The Cowtown will be Ming’s 10th marathon, which includes the 2022 Boston Marathon. In addition to the Cowtown and the holy grail in Beantown, Ming’s other runs of 26.2 miles were in Houston, New York, Sun Valley (Idaho), Chicago, London, Mount Lemmon (Arizona), and Dallas.
Ming has also completed the Cowtown 50K Ultra and the Ironman Chattanooga. An Ironman is a 2.4-mile swim, a 112-mile bike, and a marathon. A total distance of 140.6 miles.
That’s commitment.
“I’m trying to run all the majors,” Ming says of the marathons. “I have two left — Berlin and Tokyo.”
One can either qualify for those as an elite runner or be picked through a lottery. “It’s very hard to get in,” she says. “So, I'm just going to keep trying.”
Running the iconic race in Boston was “truly one of the coolest experiences.”
She and her running partner, Meredith Garcia, a teacher at Paschal High School, set out to qualify together. The two have been running together for 10 years.
“That was kind of always the goal,” Ming says. “It would be so fun to train and qualify together, but it's really hard for two people to have a great race on the same day.”
It was Garcia who had the good day that day. She qualified, while Ming suffered a torn tendon in an ankle. Ming had to find another race, in Sun Valley, to qualify, which she did despite having to run by herself.
“Not a fun thing to do,” she says, “but we made it and got to run Boston together.”
As part of her training for the Cowtown, or any other long race, Ming will work up to three, 3-hour runs.
Ming, who was raised in Dallas, didn’t run until her freshman year at Texas A&M. Ming has bachelor’s and master’s from there in accounting. But Ming had no real running experience — no high school cross country, nothing. She says she dabbled in the summer between high school and college for fitness.
At A&M, one of her new sorority sisters, a former high school cross country runner, invited her to run with a group one morning.

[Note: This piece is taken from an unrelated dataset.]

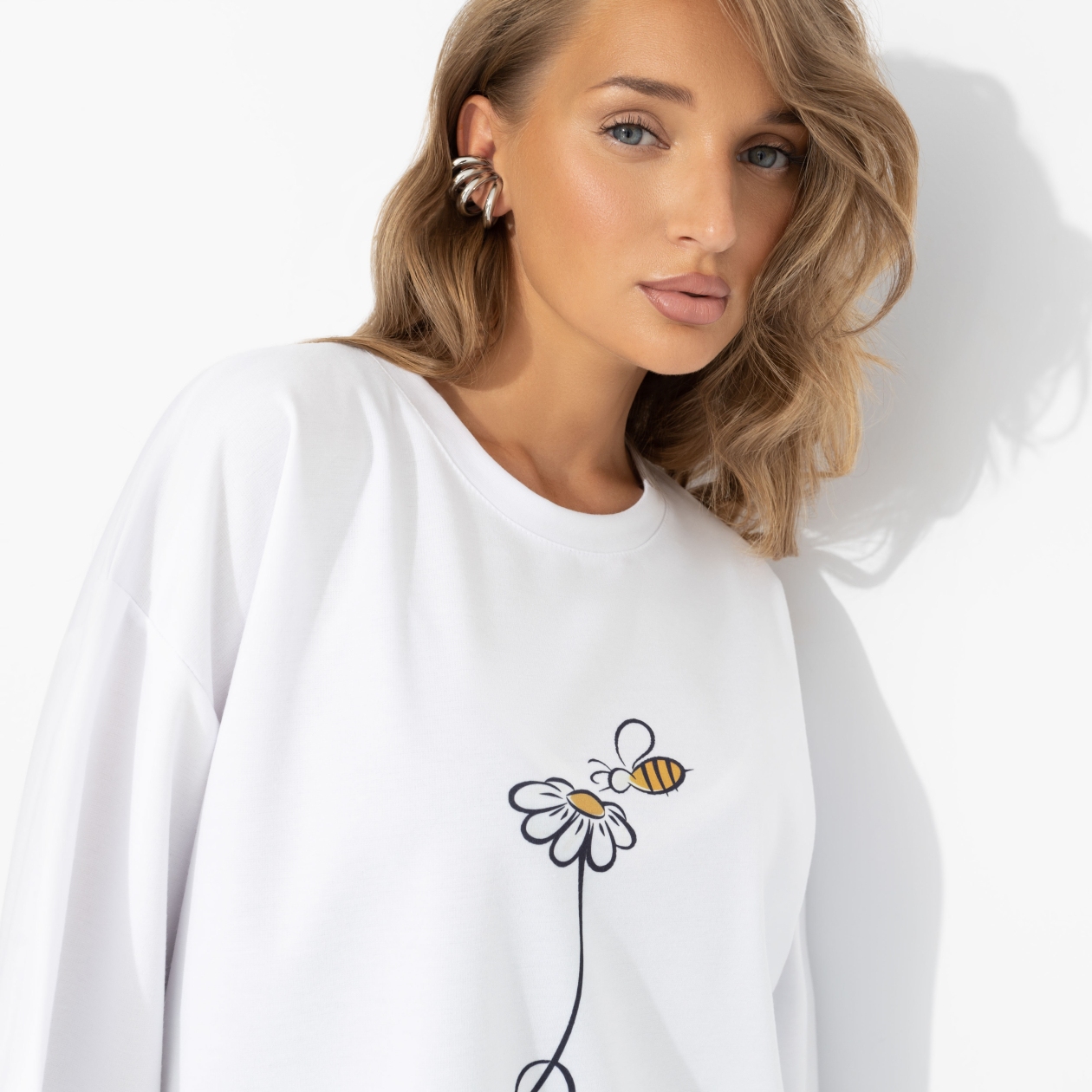 Кто бы мог подумать, что принт футболки ЧАРУТТИ повторит романтичную историю вашей жизни! В ней вы – прекрасный цветок, а ваш возлюбленный – пчела. Прилетел издалека, чтобы любоваться вами. Зафиксируйте историю вашего знакомства в футболке ЧАРУТТИ. Футболка свободного кроя удлиненная. Принт напечатан на ткани.

“And I'm, like, ‘Oh, that's what you do for fun? I guess,” Ming jokes. “If that's what I have to do to meet friends around here.”
They had begun running regularly when the same friend suggested they do the Houston half marathon. “I guess. Sure,” Ming recalls saying.
“So, we started training, and she was like, ‘Hey, I actually really think we could just do the full.’”
By January, having just begun running that August of her freshman year, Ming had completed her first marathon.
Like the most addictive substance, you don’t just do that stuff — running a marathon — once. Like Forrest Gump, you just keep going.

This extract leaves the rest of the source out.